Cluster

Create clusters out of our data

Sample Clustering with Kmeans

from sklearn.cluster import KMeans

# Load data
X = ... # Your data loading code here

# Define the number of clusters
n_clusters = ...

# Initialize the KMeans model
kmeans = KMeans(n_clusters=n_clusters, random_state=42)

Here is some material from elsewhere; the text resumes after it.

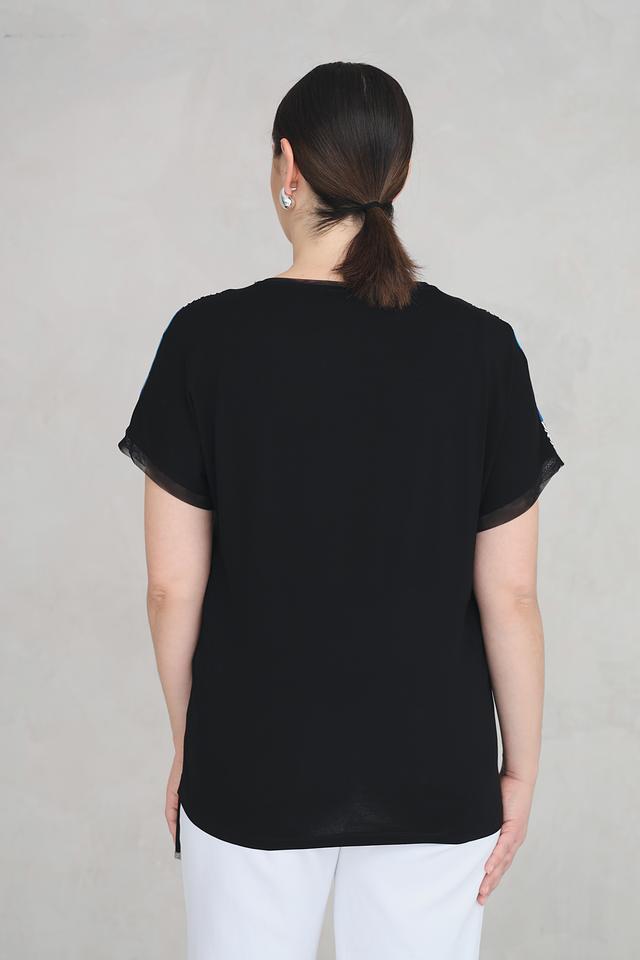 Блуза имеет короткий рукав и свободный крой, что обеспечивает комфорт в жаркую погоду. Округлый вырез горловины и лаконичный дизайн делают ее универсальной для создания различных образов.

# Fit the model to the data
kmeans.fit(X)

# Get the predicted cluster labels for each data point
labels = kmeans.labels_

# Get the cluster centers
centers = kmeans.cluster_centers_

# Evaluate the model (if ground truth labels are available)
from sklearn.metrics import adjusted_rand_score
y_true = ... # Your ground truth labels loading code here
ari = adjusted_rand_score(y_true, labels)
print(f"Adjusted Rand Index: {ari:.4f}")

You probably need to determine the most optimal number of clusters. This can be done by using the elbow method. You can opt out of this and siloutte score.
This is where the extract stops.